TEN: To the fullest extent allowed by Section 5238 of the California Corporations Code, this Corporation shall indemnify its agents against expenses, judgments, fines, settlements and other amounts actually and reasonably incurred in connection with any proceeding, and in accordance with Section 5238. For purposes of this Article, “agent” shall have the same meaning as in Section 5238(a), including directors, officers, employees, other agents, and persons formerly occupying such positions; “proceeding” shall have the same meaning as in Section 5238(a), including any threatened action or investigation under Section 5233 or brought by the Attorney General; and “expenses” shall have the same meaning as in Section 5238(a), including reasonable attorneys’ fees.

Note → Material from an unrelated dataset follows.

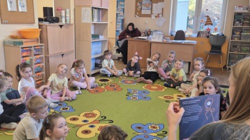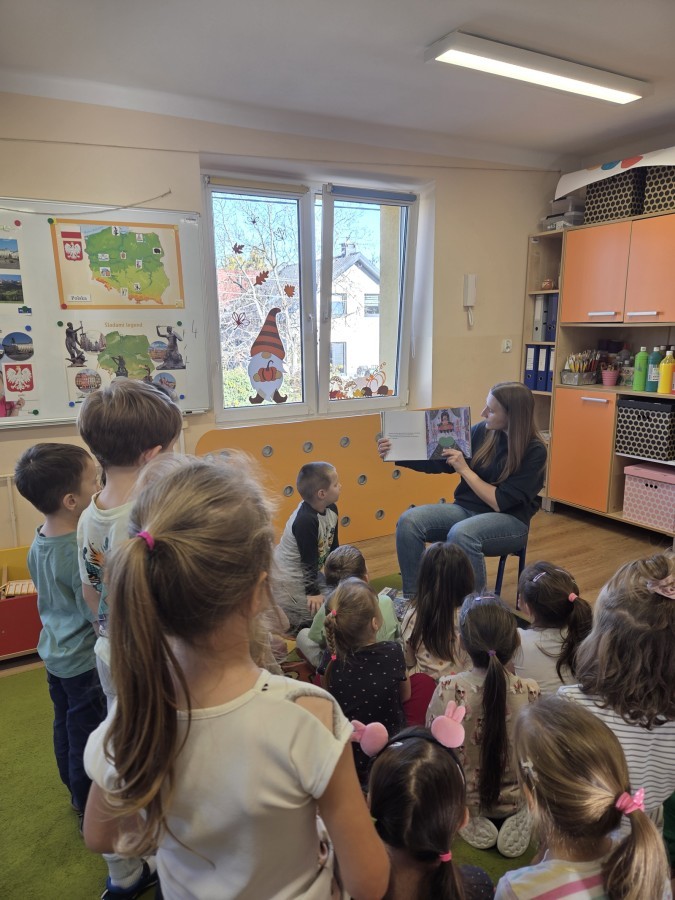 4 listopada odwiedziła nasze przedszkole pani bibliotekarka z Książnicy Beskidzkiej. Dzieci wzięły udział w zajęciach bibliotecznych promujących czytelnictwo.

ELEVEN: The name of the existing unincorporated association, now being incorporated by the filing of these Articles, is Indian Canyons Neighborhood Organization.
DATED: February 8, 2016.
Bruce Moccia Michael Dixon
Bruce Moccia and Michael Dixon declare under penalty of perjury under the laws of the State of California that they are the Chairperson and Secretary, respectively, of the Indian Canyons Neighborhood Organization referred to in the Articles of Incorporation to which this Declaration is attached, and that association has duly authorized and approved in accordance with its Bylaws, rules and procedures its incorporation by means of these Articles.
EXECUTED at Palm Springs, California, on February 8, 2016.